Самое очевидное сходство между греческой трагедией и скандинавской социальной драмой заключается в их технике, в том, что два суровых драматурга представили нам последствия действия, а не само действие. Здесь Ибсен отбросил формулу «хорошо сделанной пьесы», используя мастерство, приобретенное при изучении Скриба, для достижения более тонкой формы, чем та, на которую был способен французский драматург, формы, кажущейся простой, но очень солидно скроенной. Структура «Привидений» напоминает критику Вольтера одной из пьес Мольера, что она казалась в действии, хотя была почти полностью в повествовании. Ибсен здесь показал мастерство, подобное мастерству Мольера, в превращении повествования в жизненно драматичное. Ибсен лишен широты юмора Мольера, его большого смеха, его крепкого веселья; действительно, юмор Ибсена редко бывает добродушным; мрачный и почти гротескный, он едва ли когда-либо бывает игривым; и печально мало смеха вызывается его сатирическими изображениями характера. Но скандинавский драматург имеет немало чувства реальности великого француза и еще больше его отвращения к аффектации и его ненависти к притворству. Создатель «Тартюфа» оценил бы пастора Мандерса, несравненного педанта, с самооценкой, нагретой в семь раз, поглощенного только видимостью и пропитанного приходским лицемерием.
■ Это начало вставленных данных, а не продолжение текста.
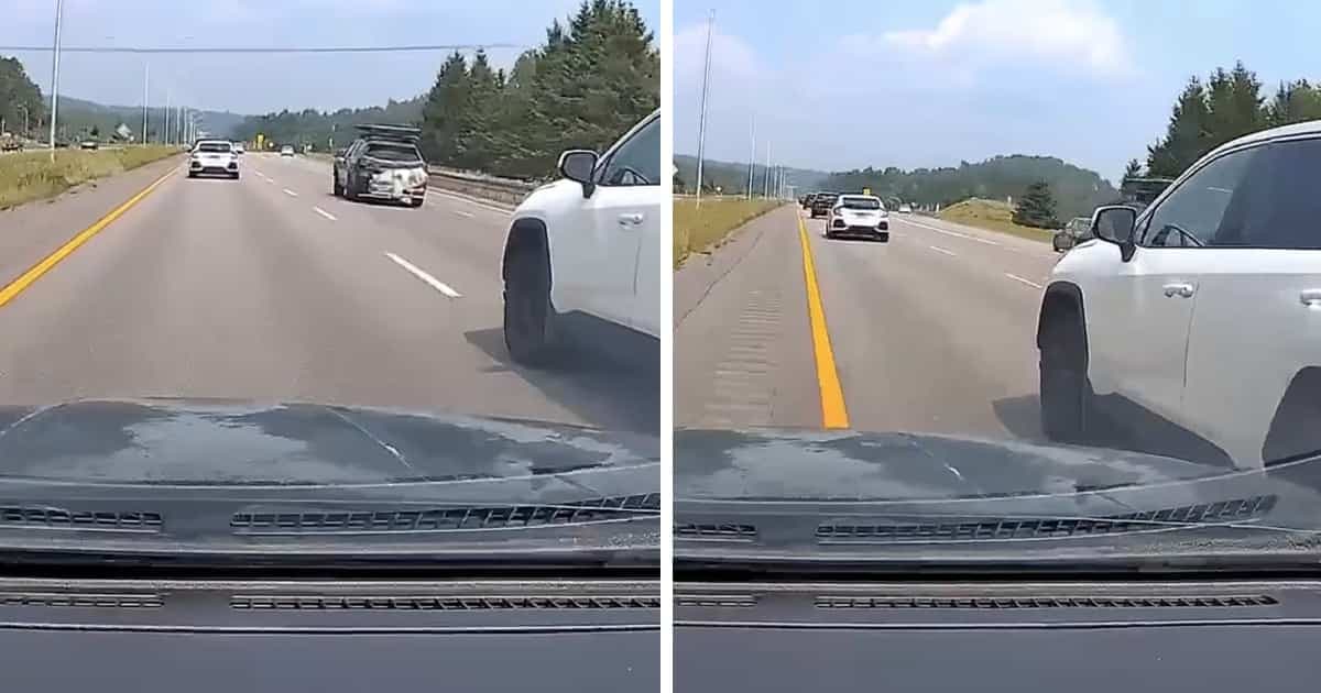 Mais de l’autre, on pourrait arguer que la voiture qui filme n’aurait pas dû être dans la voie de gauche à ce moment-là et son conducteur aurait dû céder le passage au RAV4 pour lui faciliter le dépassement.

Но мы можем быть уверены, что Мольер, управляемый социальным инстинктом, каким он был, никогда бы не разделил симпатию Ибсена к сражающемуся герою его следующей пьесы, «Врага народа», с главной фигурой которой драматург, казалось, был готов на этот раз отождествиться. Мы можем даже склониться к убеждению, что Мольер отмахнулся бы от доктора Стокмана как от лишенного здравого смысла и чувства юмора, а также как от существа тщеславного и самодовольного, жалко непрактичного и болезненно нетерпимого. И мы совершенно теряемся в догадках, что бы подумал французский драматург-психолог, оставивший нам незабываемую фигуру Селимены, о Гедде Габлер, этом самом странном творении конца века, анатомически добродетельном, но пустом сердцем и жадном до сенсаций.